## ACTION ITEM
Exclude all pictures, then restate the entries below word for word.

=== RECORDS SUPPLIED ===

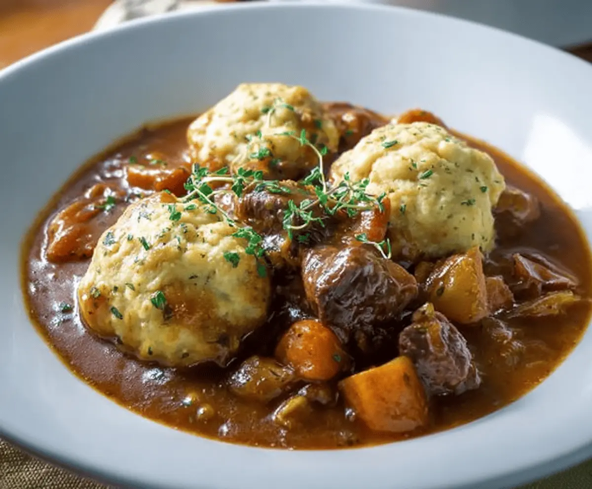 Beef Stew with Dumplings is a hearty and comforting dish that brings together tender chunks of beef, rich vegetables, and soft, fluffy dumplings all in one pot. The stew is thick and full of flavor, with the dumplings soaking up the savory broth to make every bite extra satisfying.
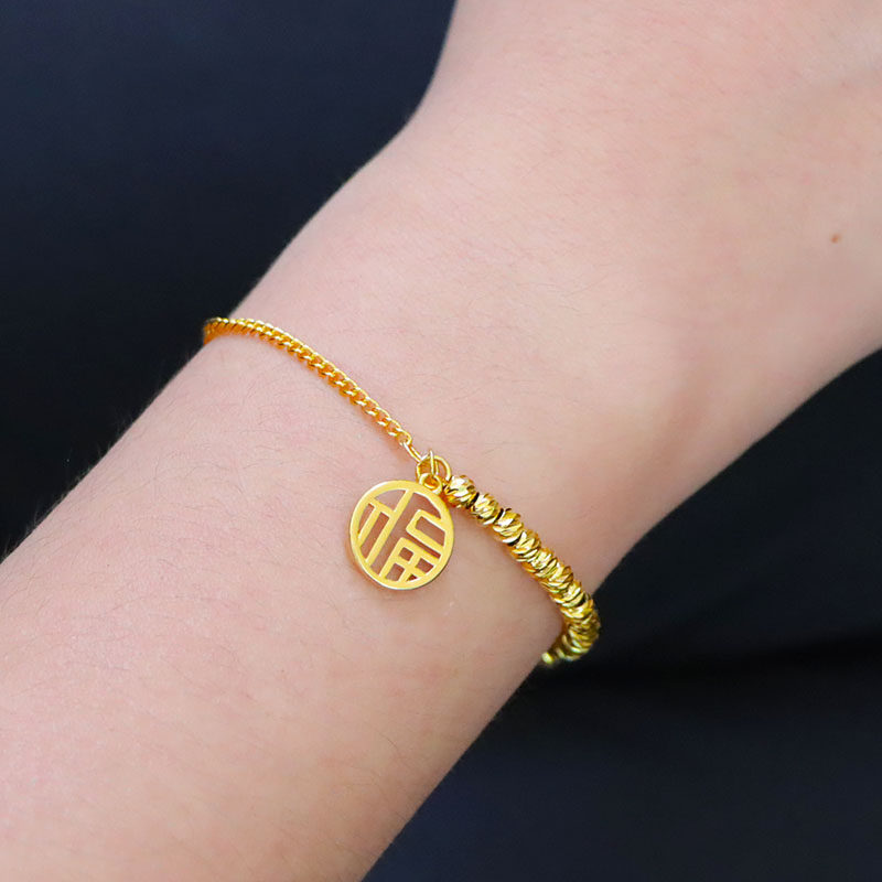 2023年新款越南沙金福牌手链女网红同款韩版小清新细款镀金首饰
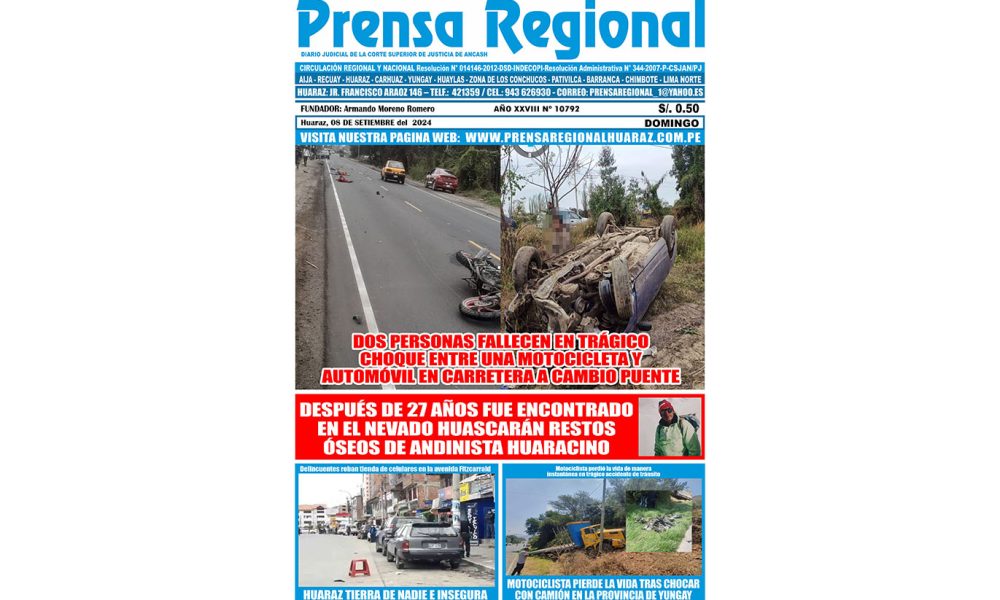 Carreteras de la sierra de Ancash se tiñen de sangre En la zona sierra de Ancash continúan los accidentes de tránsito con lamentables pérdidas de vidas...
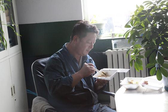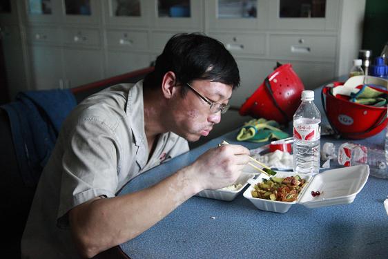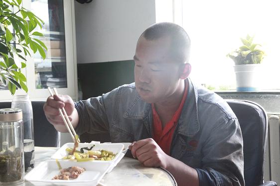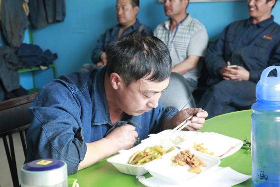 西紅柿炒雞蛋、燒茄子、土豆塊……不定時(shí)地還有魚、雞腿、紅燒肉等等。飯菜雖簡(jiǎn)單,但對(duì)于忙碌了一個(gè)早上的他們來說,卻非常美味,吃起來一副狼吞虎咽的樣子。此刻,也許山珍海味,也許滿漢全席,都略顯的失色。
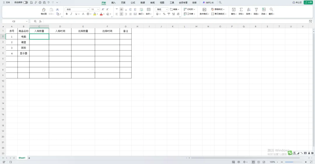 如下图所示(出入库产品数量登记表):
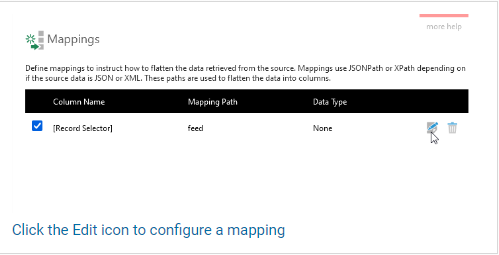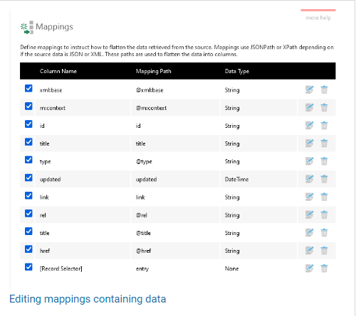 Mappings representing data that will be turned into columns will have a type listed in the Data Type column. You can edit these mappings if you want to change the data type to something else that will be compatible with that property's values.
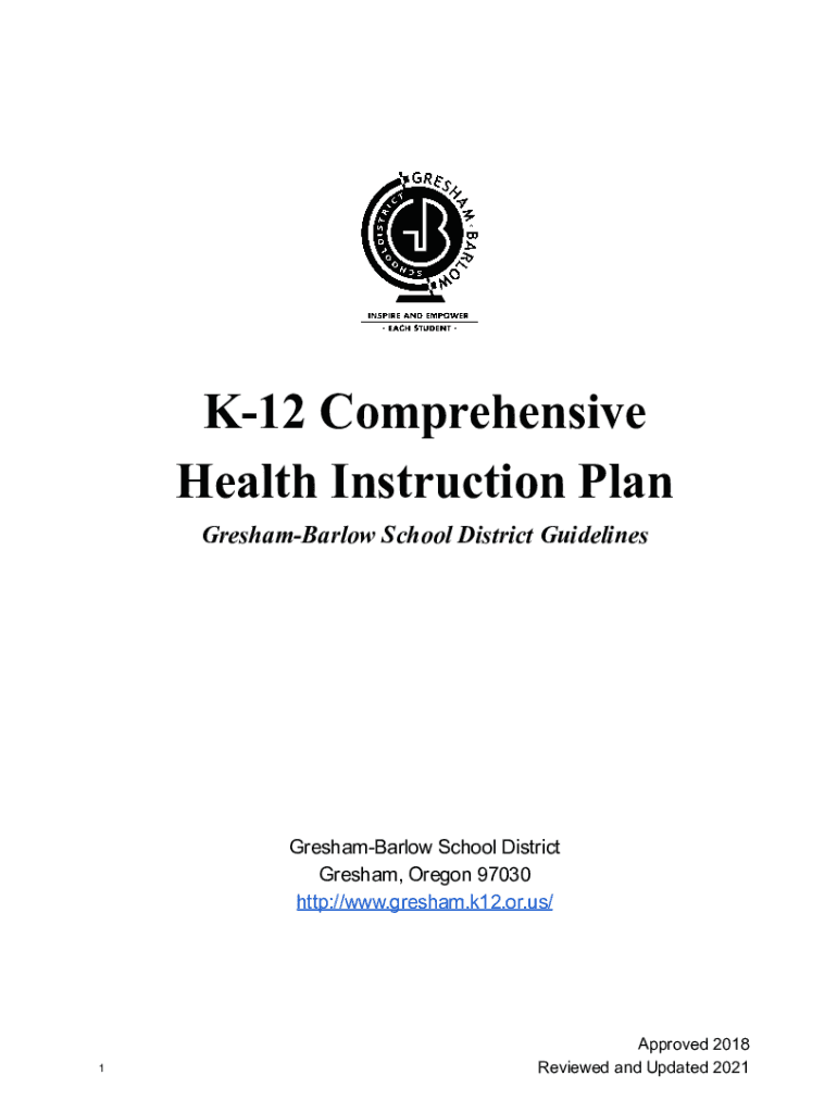 K12 Comprehensive Health Instruction Plan Gresham Barlow School District GuidelinesGreshamBarlow School District Gresham, Oregon 97030 http://www.gresham.k12.or.us/1Approved 2018 Reviewed and Updated
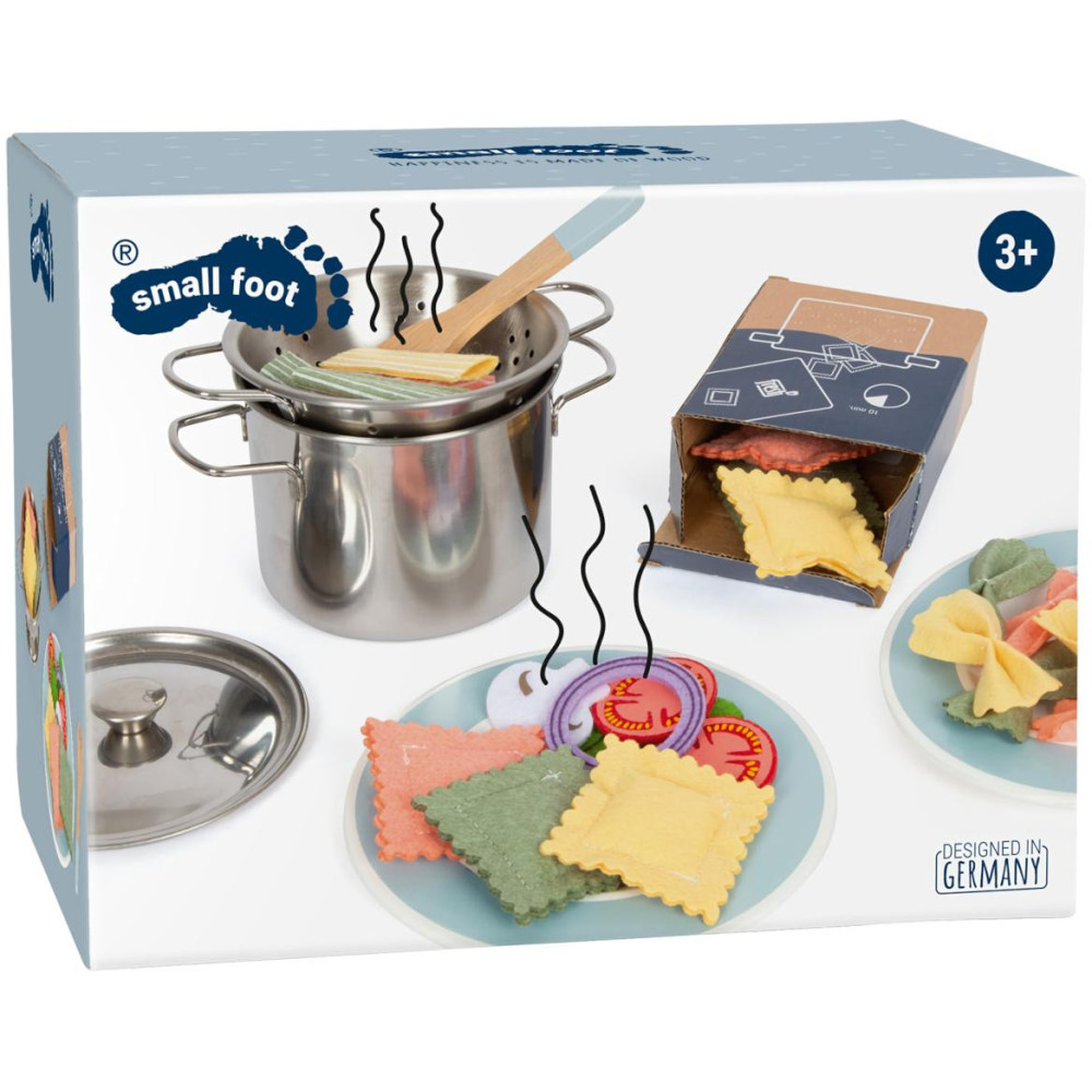 Vždy al dente! Staňte se mistry ve vaření těstovin s bohatou soupravou nádobí a rozmanitého příslušenství. V sadě naleznete atraktivní plstěné makety několika druhů těstovin a dalších přísad. Na krabičkách k ingrediencím je vyobrazen správný postup vaření, děti tak snadno znalostmi přípravy oslní návštěvu. Nádobí je realisticky vyrobené z kovu a skvěle doplní každou dětskou kuchyňku. Nezbytnou součástí je i servis, s jehož pomocí mohou děti rozvíjet sociální dovednosti.
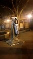 Jovem sobe em busto de Aleijadinho e depreda escultura
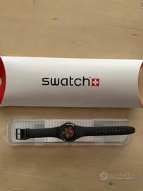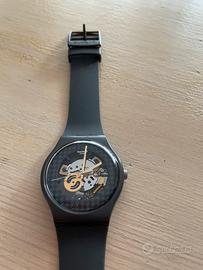 Swatch con quadrante grigio pied-de-poule con ingranaggi a vista. Cinturino in gomma. Indossato raramente. Completo di scatola e documenti.
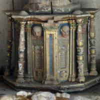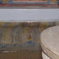 Todo el conjunto se policromó en los habituales tonos de la época, rojos, verdosos y azules, con una sobreabundancia de dorados para los motivos ornamentales.
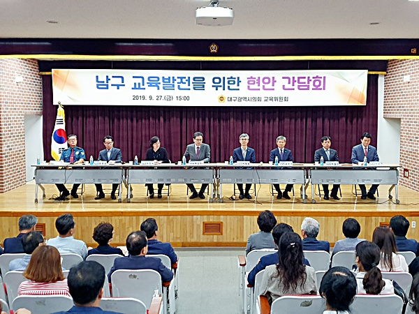 대구광역시의회 교육위원회(위원장 박우근)는 지난 9월 27일 오후 3시 대구영선초등학교 시청각실에서 남구 지역 32개교 학교장, 학교운영위원 및 학부모 등을 초청해 현장의 목소리를 청취하고, 교육현안 문제 해결 및 의정활동 반영을 위한 간담회를 개최했다.
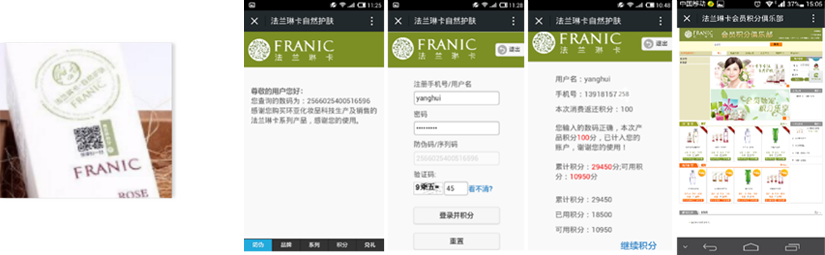 CCN中商為法蘭琳卡提供防偽營銷雙碼合一,形成碼上防偽+積分兌禮+品牌宣傳+系列產(chǎn)品推介一站式營銷模式,打造品牌會員積分俱樂部,提升消費者消費積極性及復購率,以碼為入口捕捉消費者畫像,為后期精準營銷提供數(shù)據(jù)基礎。

===

## REPLY
 Beef Stew with Dumplings is a hearty and comforting dish that brings together tender chunks of beef, rich vegetables, and soft, fluffy dumplings all in one pot. The stew is thick and full of flavor, with the dumplings soaking up the savory broth to make every bite extra satisfying.
 2023年新款越南沙金福牌手链女网红同款韩版小清新细款镀金首饰
 Carreteras de la sierra de Ancash se tiñen de sangre En la zona sierra de Ancash continúan los accidentes de tránsito con lamentables pérdidas de vidas...
 西紅柿炒雞蛋、燒茄子、土豆塊……不定時(shí)地還有魚、雞腿、紅燒肉等等。飯菜雖簡(jiǎn)單,但對(duì)于忙碌了一個(gè)早上的他們來說,卻非常美味,吃起來一副狼吞虎咽的樣子。此刻,也許山珍海味,也許滿漢全席,都略顯的失色。
 如下图所示(出入库产品数量登记表):
 Mappings representing data that will be turned into columns will have a type listed in the Data Type column. You can edit these mappings if you want to change the data type to something else that will be compatible with that property's values.
 K12 Comprehensive Health Instruction Plan Gresham Barlow School District GuidelinesGreshamBarlow School District Gresham, Oregon 97030 http://www.gresham.k12.or.us/1Approved 2018 Reviewed and Updated
 Vždy al dente! Staňte se mistry ve vaření těstovin s bohatou soupravou nádobí a rozmanitého příslušenství. V sadě naleznete atraktivní plstěné makety několika druhů těstovin a dalších přísad. Na krabičkách k ingrediencím je vyobrazen správný postup vaření, děti tak snadno znalostmi přípravy oslní návštěvu. Nádobí je realisticky vyrobené z kovu a skvěle doplní každou dětskou kuchyňku. Nezbytnou součástí je i servis, s jehož pomocí mohou děti rozvíjet sociální dovednosti.
 Jovem sobe em busto de Aleijadinho e depreda escultura
 Swatch con quadrante grigio pied-de-poule con ingranaggi a vista. Cinturino in gomma. Indossato raramente. Completo di scatola e documenti.
 Todo el conjunto se policromó en los habituales tonos de la época, rojos, verdosos y azules, con una sobreabundancia de dorados para los motivos ornamentales.
 대구광역시의회 교육위원회(위원장 박우근)는 지난 9월 27일 오후 3시 대구영선초등학교 시청각실에서 남구 지역 32개교 학교장, 학교운영위원 및 학부모 등을 초청해 현장의 목소리를 청취하고, 교육현안 문제 해결 및 의정활동 반영을 위한 간담회를 개최했다.
 CCN中商為法蘭琳卡提供防偽營銷雙碼合一,形成碼上防偽+積分兌禮+品牌宣傳+系列產(chǎn)品推介一站式營銷模式,打造品牌會員積分俱樂部,提升消費者消費積極性及復購率,以碼為入口捕捉消費者畫像,為后期精準營銷提供數(shù)據(jù)基礎。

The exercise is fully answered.